# Action item
Repeat exactly the lines of the material below that run from the "centers or estuaries." line to the "Таблица 1. Финансовые" line, including both, and do not carry over any pictures.
(Supplied material begins)
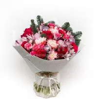 Композиция № 65 с кустовой красной розой
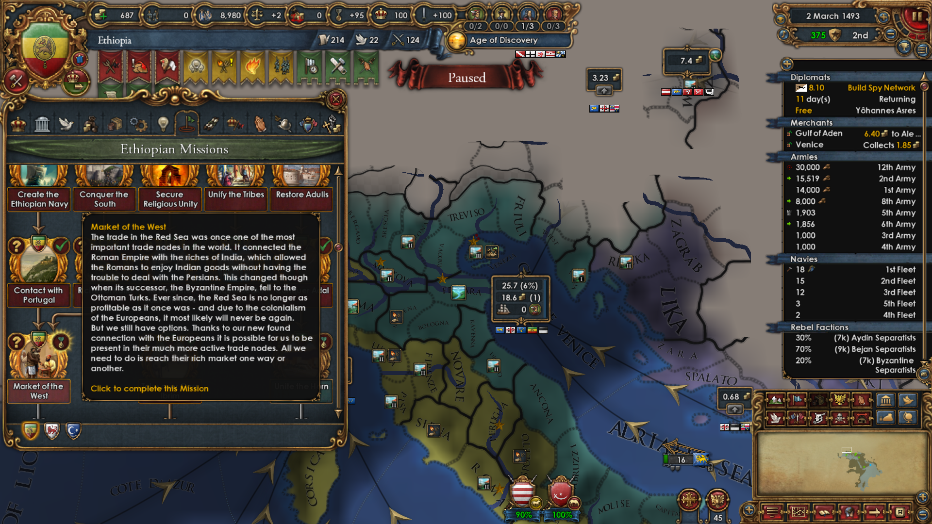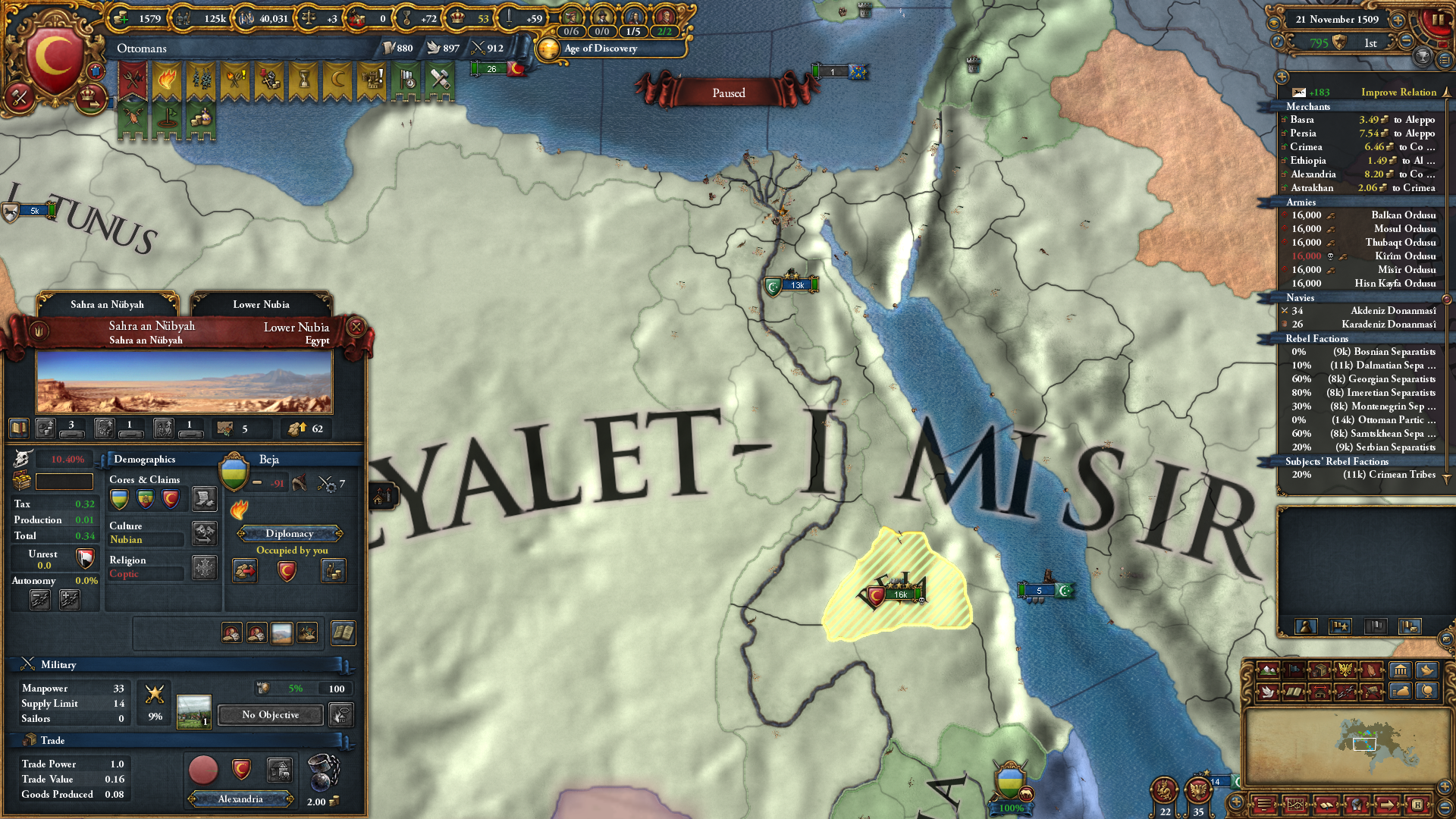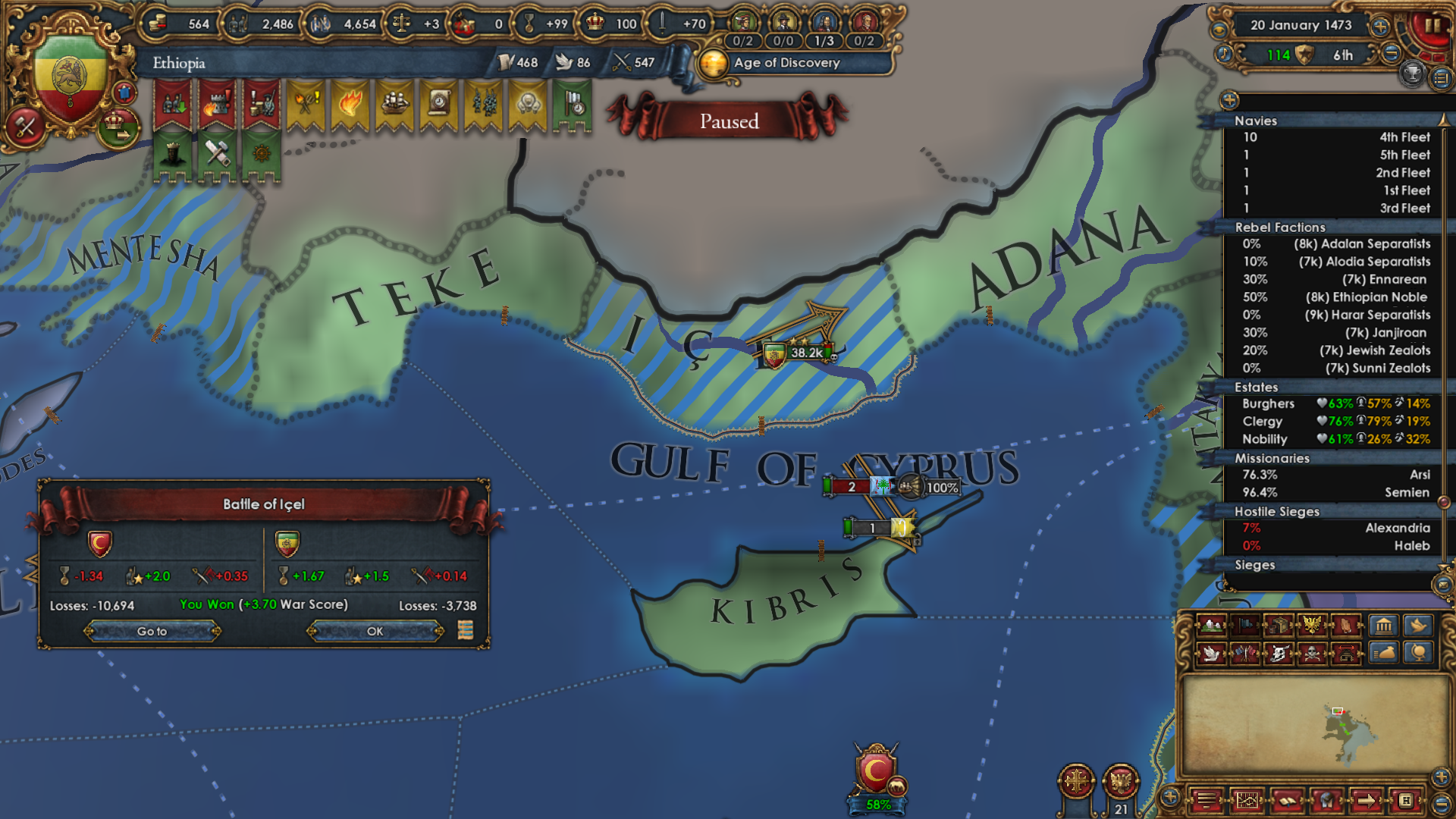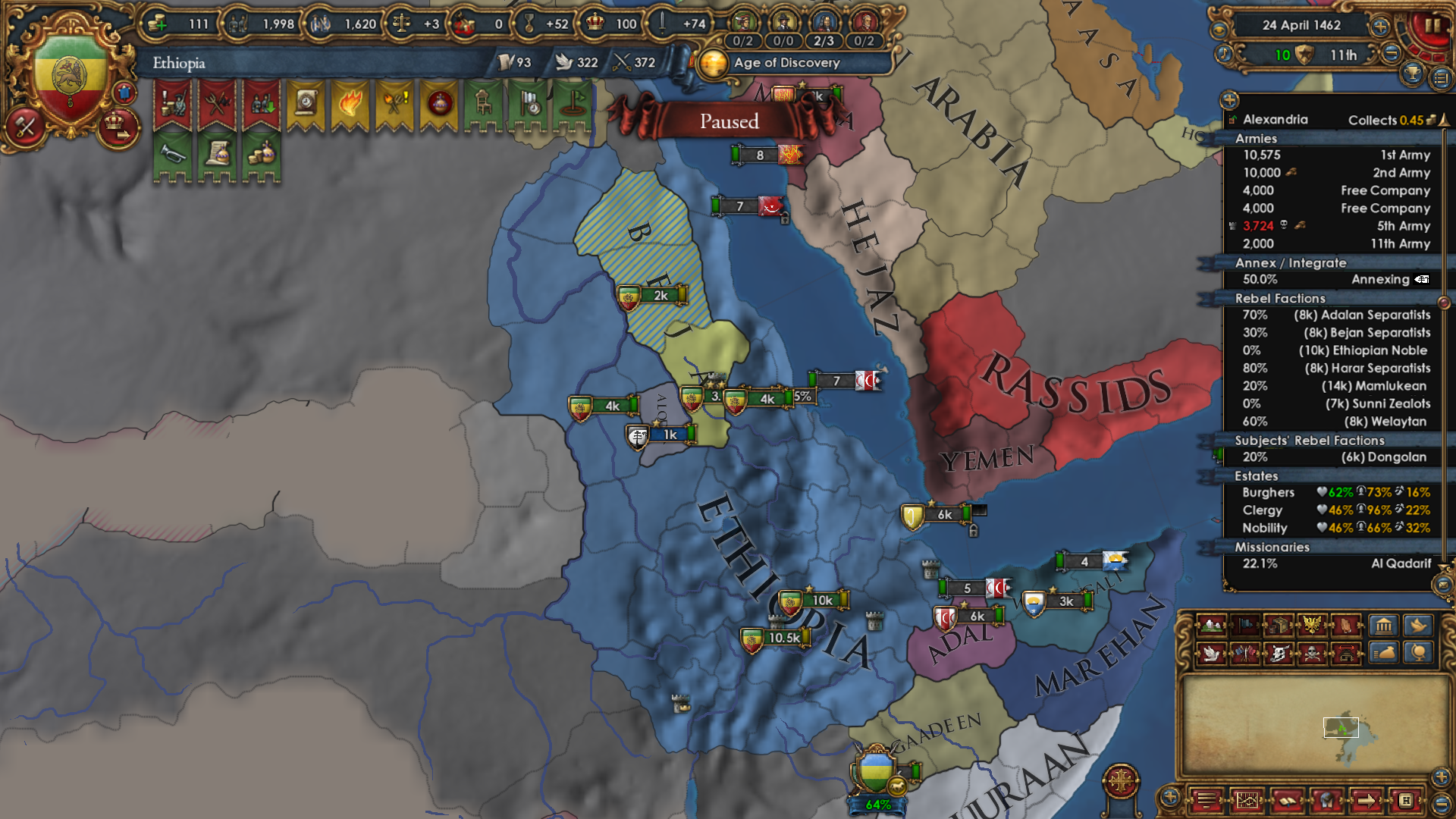 >>2301549>Why haven't you gone for beja but all other sizeable enemies, also immediate stability events.I was allied to them for a short period of time and had a truce until 1454. After that I didn't have the time, or rather I decided that my time was better spent attacking Mamluks while I was at tech 5 and they were at tech 4. Beja had no allies so I figured I could easily conquer them when the Egyptian threat has been dealt with (that is, right now). Are there really stability events for conquering them in particular? Conquering Makuria, Dongola and most of Alodia was enough to fulfill the mission. 1 additional point of stab would have been helpful because I had to manually stab up to +3 to enact Solomonic Empire early.>Where did you move your capital btw?Kaffa, the gold-producing province in the South. One of my missions required developing it to 6 production so I decided that I might as well move my capital there for the dev cost reduction, push the production up to 10 and then increase adm and mil development enough to make Renaissance appear.>>2301604I think that moving it to the Gulf of Aden would have been a mistake because now I can just move my main trading city somewhere to the Alexandria trade now and steer there from both Ethiopia and Aden. Among the provinces that I took from Mamluks, three of them have trade centers or estuaries.
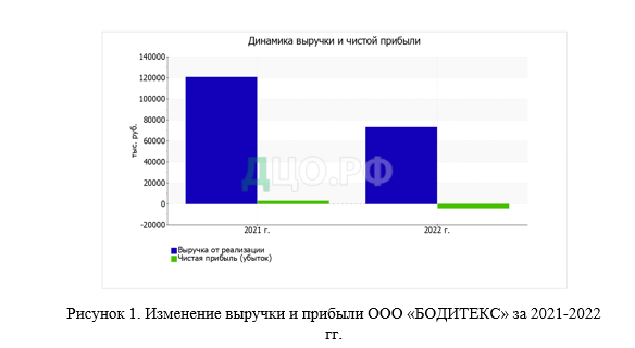 Таблица 1. Финансовые показатели ООО «Бодитекс» за 2021-2022 гг.
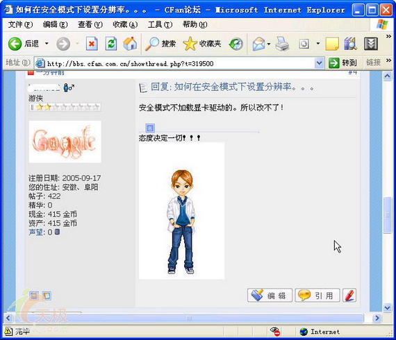 注:以上两种方法各有优劣,方法一较为直观,且不用担心购买的QQ秀过期等问题,缺点也很明显,就是不能显示动态的QQ秀。方法二最大的优势在于可以显示动态的QQ秀,且用户的QQ秀更改之后,论坛签名也能实现动态更新,劣势就是如果用户的QQ秀过期了,论坛签名也就跟着改变了,且如果QQ官方哪天更改了QQ秀的真实存储地址,该方法也就失效了。具体用哪一种,大家根据需要自己选择吧!^-^
(Supplied material ends)
# The completed task
 >>2301549>Why haven't you gone for beja but all other sizeable enemies, also immediate stability events.I was allied to them for a short period of time and had a truce until 1454. After that I didn't have the time, or rather I decided that my time was better spent attacking Mamluks while I was at tech 5 and they were at tech 4. Beja had no allies so I figured I could easily conquer them when the Egyptian threat has been dealt with (that is, right now). Are there really stability events for conquering them in particular? Conquering Makuria, Dongola and most of Alodia was enough to fulfill the mission. 1 additional point of stab would have been helpful because I had to manually stab up to +3 to enact Solomonic Empire early.>Where did you move your capital btw?Kaffa, the gold-producing province in the South. One of my missions required developing it to 6 production so I decided that I might as well move my capital there for the dev cost reduction, push the production up to 10 and then increase adm and mil development enough to make Renaissance appear.>>2301604I think that moving it to the Gulf of Aden would have been a mistake because now I can just move my main trading city somewhere to the Alexandria trade now and steer there from both Ethiopia and Aden. Among the provinces that I took from Mamluks, three of them have trade centers or estuaries.
 Таблица 1. Финансовые показатели ООО «Бодитекс» за 2021-2022 гг.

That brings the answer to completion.